Educação para quê formar para o “mercado de trabalho” ou “formar para ser humano

Entre a prova e a vida real, uma pergunta atravessa décadas de educação e o que o mercado pede não é menos humanidade, é mais dela

Certamente, você professor ou gestor já deve ter ouvido de algum ou alguns alunos a clássica pergunta “isso cai na prova?” ou “pra que eu preciso aprender isso”?  Por trás destas perguntas está a mesma dúvida que atravessa a educação há décadas. Que seres humanos desejamos formar realmente?

A pergunta parece exigir escolha. Mas, talvez, ela esteja mal formulada desde o início.

O que precisamos questionar?

Quando olhamos para o mercado de trabalho e para a vida, há uma grande ironia que ainda é muito pouco discutida com nossos jovens. O que a vida e o mercado de trabalho estão pedindo de nós e vão pedir deles? O que faz sentido? A resposta clara e real não é “mais técnica, mais conhecimento, menos humanidade”. É justamente o contrário.

O Future of Jobs Report 2025, do Fórum Econômico Mundial, ouviu mais de mil empregadores em 55 países e concluiu que o pensamento analítico segue como a competência mais valorizada pelas empresas pela terceira edição consecutiva.

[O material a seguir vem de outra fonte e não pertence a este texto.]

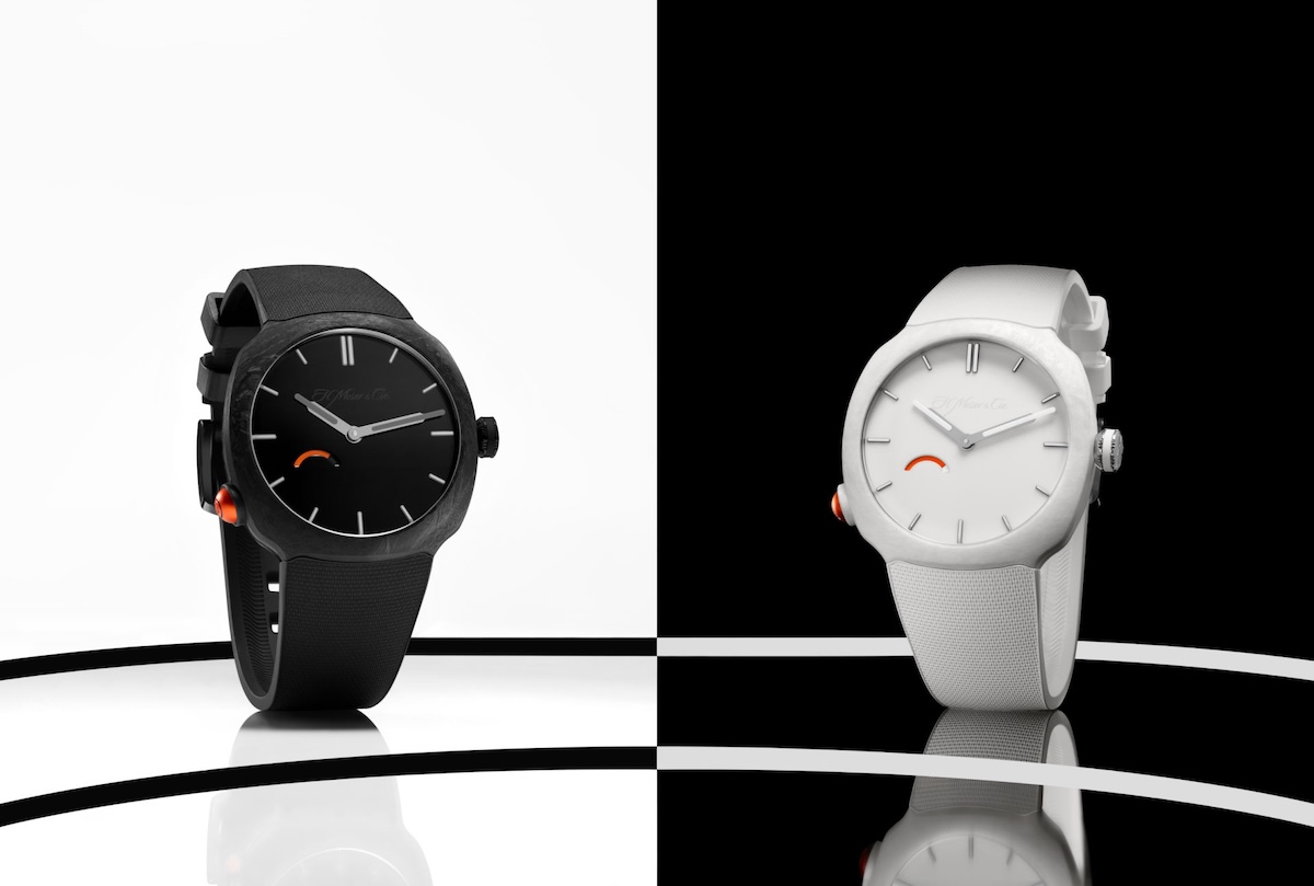 這枚充滿能量的手動上鏈機芯,源自對 HMC 500 自動機芯的徹底重構,在保留極簡 DNA 的同時,實現了極致纖薄的輕量化美學。而承載這顆心臟的容器同樣令人驚嘆,亨利慕時選用了製錶界罕見的鍛造石英纖維打造錶殼,這種比碳纖維更具表現自由度的材質,經過切割、壓製與兩次固化處理,形成了如波紋般獨一無二的霧面質地。

Entretanto, em seguida, vêm resiliência, flexibilidade e liderança. Já habilidades como leitura, escrita, matemática pura e atenção mecânica a detalhes estão entre as que mais perdem relevância no mercado de trabalho. Justamente o que currículos tradicionais teimam em treinar e cobrar isoladamente

Além disso, um dado que deveria assombrar as salas de aula é que quase 39% das competências técnicas consideradas essenciais hoje devem estar obsoletas até 2030. Estamos correndo contra o relógio em um mundo que carece de olhares sensíveis, ética, escuta e criação de sentido, pois a técnica pode sempre ser aprendida e automatizada. Inclusive, pela inteligência artificial. 

O que fica é o que sempre foi, no fundo, mais difícil de ensinar, pois depende dos ambientes em que o estudante está inserido e não somente da escola.

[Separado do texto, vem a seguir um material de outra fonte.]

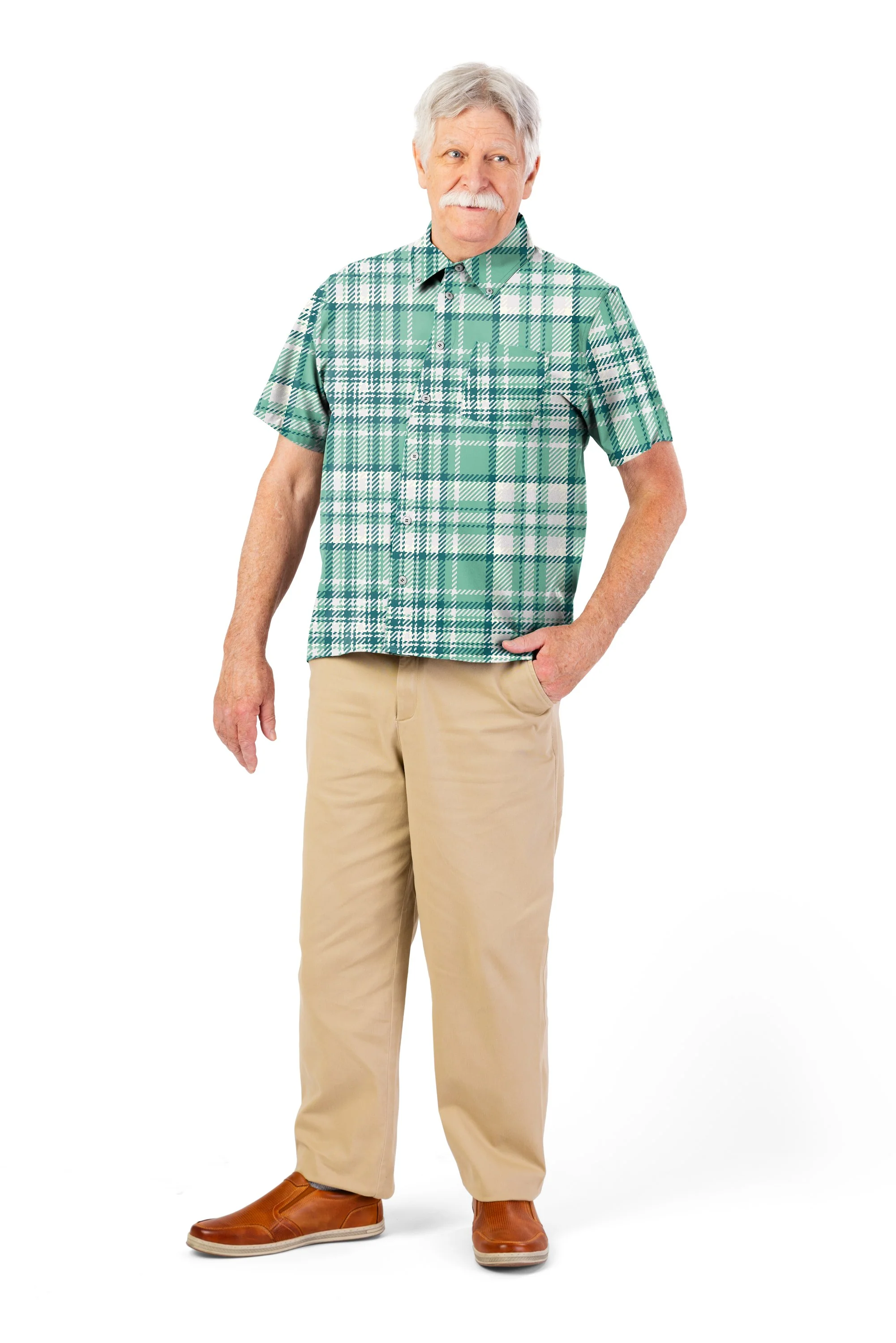 Designed to support independence without sacrificing style, this two-piece set brings together a short sleeve plaid sport shirt and our classic twill pants. The shirt features hidden VELCRO® Brand fasteners that mimic the look of traditional buttons, making it simple for men with limited dexterity to dress with confidence. Made from a stretch woven that is lightweight, stretchy, and comfortable for all day wear. With wrinkle resistant treatment to make laundering easy. The pants complete the set with a secure fastener fly, elastic waistband, and practical pockets, offering a dependable foundation that blends comfort and tradition.

Por isso, educar com sentido exige ir além do conteúdo. Exige olhar para o estudante inteiro e para a família que o sustenta. Essa aproximação não pode ser feita de reuniões protocolares uma vez por bimestre: precisa ser real, contínua, consistente. Só assim se constrói uma sociedade em que todos, sem exceção, sejam considerados e acolhidos na aprendizagem.

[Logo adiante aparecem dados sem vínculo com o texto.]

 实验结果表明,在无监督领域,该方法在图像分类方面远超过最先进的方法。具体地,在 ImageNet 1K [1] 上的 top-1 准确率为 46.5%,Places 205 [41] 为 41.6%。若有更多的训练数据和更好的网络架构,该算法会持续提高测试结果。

Formar para a vida e para o traballho

Dito isso, “formar para a vida” também se torna um privilégio. E, talvez, fosse fácil parar por aqui e concluir, com certo alívio moral, que a escola deveria simplesmente abandonar um dos lados. Entretanto, não podemos escolher um lado, nem buscar um meio-termo tímido entre os dois. 

Formar para o trabalho é essencial. O trabalho representa dignidade,  autonomia e a possibilidade de construir um futuro com mais estabilidade. Para muitos jovens, é também o que dá sentido ao esforço de continuar estudando.

Mas educar para o trabalho não pode significar apenas ensinar competências técnicas.  Precisamos formar pessoas que saibam fazer, mas que também compreendam por que fazem, para quem fazem, como fazem e, sobretudo, o que jamais estariam dispostas a fazer.

Existe uma fórmula para isso? Não. Existem caminhos. Uma educação que desenvolva conhecimento, pensamento crítico, ética, responsabilidade e humanidade. Afinal, o mercado precisa de profissionais competentes, mas a sociedade precisa, acima de tudo, de pessoas íntegras.